I made an identical example with the exception of:

~polygon() = 0;

The destructor for triangle is:

triangle::~triangle() {
    std::cout << "triangle Dtor is called" <<std::endl;
}

then when I use:

delete poly;

the message is indeed shown (GCC 5.4.0 under linux).

I tried to look for other examples but they all mention and use the "destroy" function, there were no example using simply pure virtual destructors, which makes believe I'm missing something here, so .. what is it?

The background of not wanting to use a destroy function is that I want to use the allocated object in a shared_ptr and not care later about its lifetime, working with a "destroy" function will be tricky, therefore I need to know if it's necessary.

"working with a "destroy" function will be tricky" - why? If it's tricky, then you're probably doing something wrong. — UKMonkey, Oct 18 '16 at 13:09
Possible duplicate of [Question about pure virtual destructor](http://stackoverflow.com/questions/999340/question-about-pure-virtual-destructor) — StoryTeller - Unslander Monica, Oct 18 '16 at 13:09
You are sure you want to specifically load a class from a dynamic object? Not just create a instance of this class? `dynamic_memory` in c++ and `dlopen` are not related to each other (just wanna make sure I understand what you want to do) — Hayt, Oct 18 '16 at 13:10
@Hayt "dynamic_memory in c++ and dlopen are not related to each other" But "memory management" and "shared_ptr" are related, right? — Adrian Colomitchi, Oct 18 '16 at 13:13
There's no concept of "dynamically loading a class". Classes exist at compile time only. You're simply loading a compatible implementation. — xaxxon, Oct 18 '16 at 13:19
@UKMonkey because it will require some restructuring of other things that are not dynamically loaded, but the answer from Hayt below solves the problem I guess — Mystic Odin, Oct 18 '16 at 13:24
@StoryTeller the question is not why do I need an implementation of a pure virtual destructor, it's about why do I need a destroy function if the actual destructor is called and the abstract interface is pure virtual, this is not a duplicate — Mystic Odin, Oct 18 '16 at 13:25
@Hayt I tagged dynamic-loading not dynamic memory, I'm trying to use a class (of course by instantiation) from a shared object, the page section is named "loading classes", I did not think the terminology may be wrong — Mystic Odin, Oct 18 '16 at 13:33
@AdrianColomitchi I think the "destroy" function is fairly related to memory management. — Mystic Odin, Oct 18 '16 at 13:34
I was just asking because in your question you did not mention `dlopen` etc but just in the link you provided. So when the link is dead it will be not useful anymore and people may not click the link and think you just switched the words up. If this is about `dlopen` etc. maybe mention it in the text of your question. — Hayt, Oct 18 '16 at 13:37
Whoever is voting to close this as a duplicate of [Question about pure virtual destructor](https://stackoverflow.com/questions/999340/question-about-pure-virtual-destructor), that's not remotely a duplicate. This touches on virtual destructors, but it's asking why they're insufficient for cross-binary `delete`, not why they're needed in the first place. — ShadowRanger, Oct 18 '16 at 14:03

score 5 · Accepted Answer · edited Oct 18 '16 at 16:45

5

Read a little further in the same link:

You must provide both a creation and a destruction function; you must not destroy the instances using delete from inside the executable, but always pass it back to the module. This is due to the fact that in C++ the operators new and delete may be overloaded; this would cause a non-matching new and delete to be called, which could cause anything from nothing to memory leaks and segmentation faults. The same is true if different standard libraries are used to link the module and the executable.

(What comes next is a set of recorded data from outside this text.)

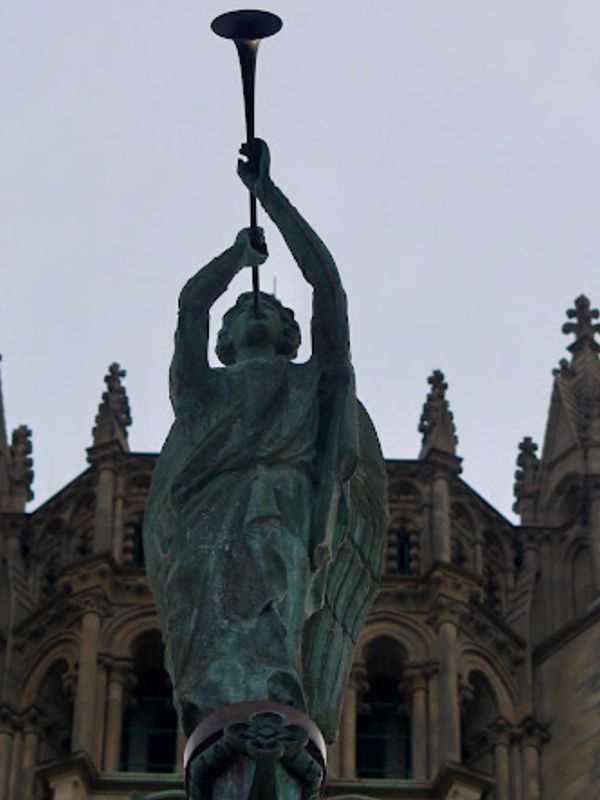 In February 1996, during a winter storm with 45-mile-per-hour winds, the horn of the statue blew off and damaged a white Mercedes parked nearby. The car was repaired but the horn was unfortunately irreparable. A new horn was cast and installed in 1997. The original trumpet is encased and on display in the Riverside Church Archives room.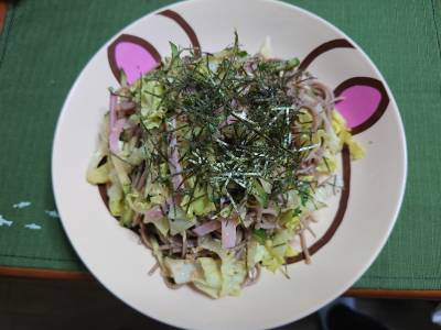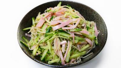 5のそばを3のボウルに加えてよくあえ、きゅうりとハムも加えてざっと混ぜる。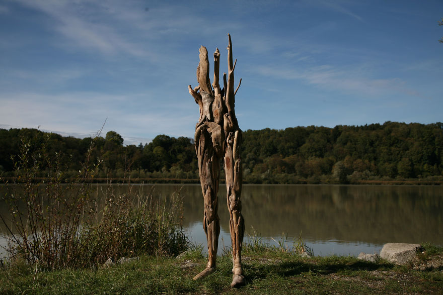 ▼朽木獲得新生,這就是藝術的魅力。在藝術家的手中,這些朽木變成了人形,整體形象非常怪異,卻又栩栩如生,似乎生硬的軀殼內存在著靈魂。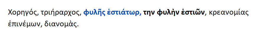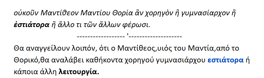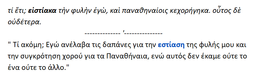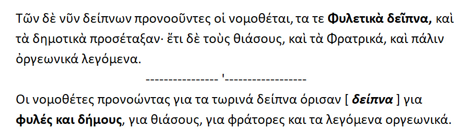 Οι νομοθέτες λοιπόν προνοώντας για τα δείπνα , όρισαν και τα φυλετικά δείπνα και τα δημοτικά ακόμη για τους θιάσους [δείπνα] και τα Φρατρικά [ δείπνα για τις φρατρίες] και τα λεγόμενα οργεωνικά δείπνα { = εστίασις ,ευωχία των οργεώνων}. Οργε[ι]ών = εκλεγμένος πολίτης , ο οποίος σε καθορισμένους καιρούς όφειλε να τελεί κάποιες ιδιαίτερες θυσίες υπέρ των δικών του συμφυλετών.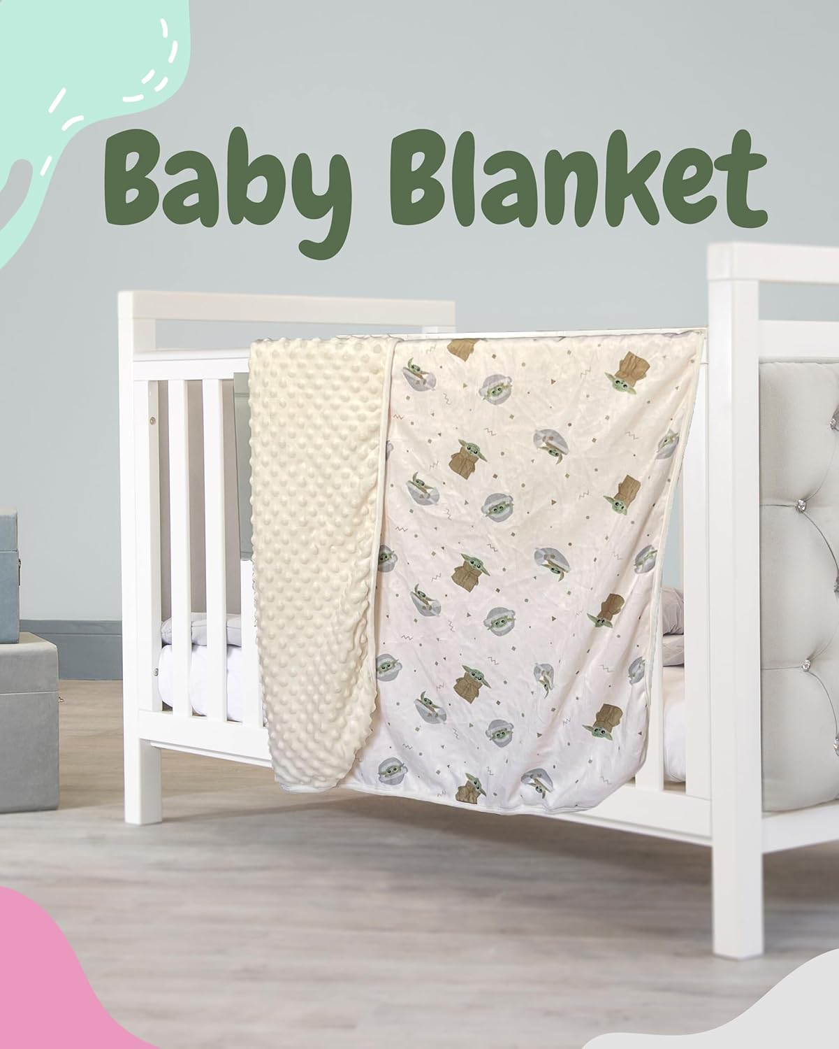 Star Wars Mandalorian Baby Unisex Plush Blanket – Baby Yoda Baby Gifts – Soft Baby Blankets (Off-White/Green, 0-12 Months)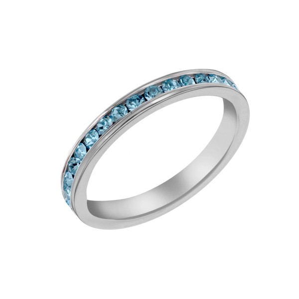 Tuscany Silver Women's Sterling Silver 2 mm Light Blue Crystal Eternity Stacking Ring, Size P

The keyword here is new and delete may be overloaded and therefore do something different in the code of the caller than in the code of the shared object, if you use delete from inside the binary it will call the destructor and it will deallocate the memory according to the destructor in the shared object, but that might not be the behavior of delete operator in the shared object, maybe new in the shared object did not allocate any memory and therefore you will have a possible segmentation fault, and maybe new is doing something more than allocate the memory for that object and by not calling the matching delete in the shared object there is a leak, there is also the possibility of different heap handling between the shared object and binary.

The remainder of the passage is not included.